Hooker, Evelyn Caldwell (1907–1996). American psychologist and psychotherapist, trained at the University of Chicago and Johns Hopkins; professor of psychology at UCLA where for a time she shared an office with the Rorschach expert, Bruno Klopfer, who was impressed by her work and assisted and encouraged her. Hooker was among the first to view homosexuality as a normal psychological condition. Encouraged by her involvement with The Benton Way Group and, according to Alvin Novak, inspired in particular by her close friendship with Sam From––to whom, Novak recalls, she was especially drawn, and who was equally drawn to her––she worked with and studied homosexuals in the Los Angeles area for many years. At Klopfer’s urging, she first presented her research publicly at a 1956 conference in Chicago, demonstrating that as high a percentage of homosexuals as heterosexuals were psychologically well-adjusted. The paper, entitled “The Adjustment of the Male Overt Homosexual,” was later published in a Burbank periodical, Projective Techniques (this was the journal of the Society for Projective Techniques and the Rorschach Institute; it later changed its title to Journal of Projective Techniques and Personality Assessment). Born Evelyn Gentry, she took the name Caldwell from a brief first marriage, then changed to Hooker when she married Edward Hooker, a professor of English at UCLA and a Dryden scholar, at the start of the 1950s. Isherwood lived in the Hookers’ garden house on Saltair Avenue in Brentwood for a time in 1952‒1953. He describes the friendship in D 1.

Hopper, Hedda (1890–1966) . American actress and Hollywood columnist.

She began in silent movies and went on to act in many sound films, but she was best known for her influential columns. She also wrote several volumes of autobiography.

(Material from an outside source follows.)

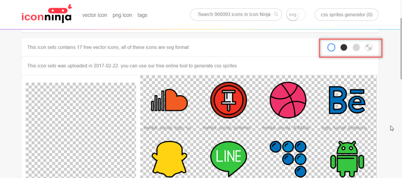 往下看到有 PNG、SVG、EPS、PSD 和 Base 64 可下載,還可選擇顏色和尺寸。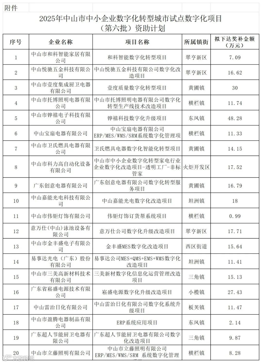 1.2025年中山市中小企业数字化转型城市试点数字化改造项目(第六批)资助计划

Horst (1906–1999) . German-born fashion photographer. Horst B. Horst (also known as Horst Bohrmann) was a shopkeeper’s son, from a small German town; he studied art history in Hamburg, then persuaded Le Corbusier to take him on as an architectural assistant in Paris in the early 1930s. In Paris he became a protégé of the Russian-born, half-American photographer George Hoyningen-Huene with whom he worked for many years. Like Hoyningen-Huene, Horst photographed Parisian and Russian emigré society, and took countless pictures for Vogue and other fashion magazines. Another mentor was the American fashion photographer George Platt Lynes. Horst eventually made New York his home, but frequently travelled and worked in Europe.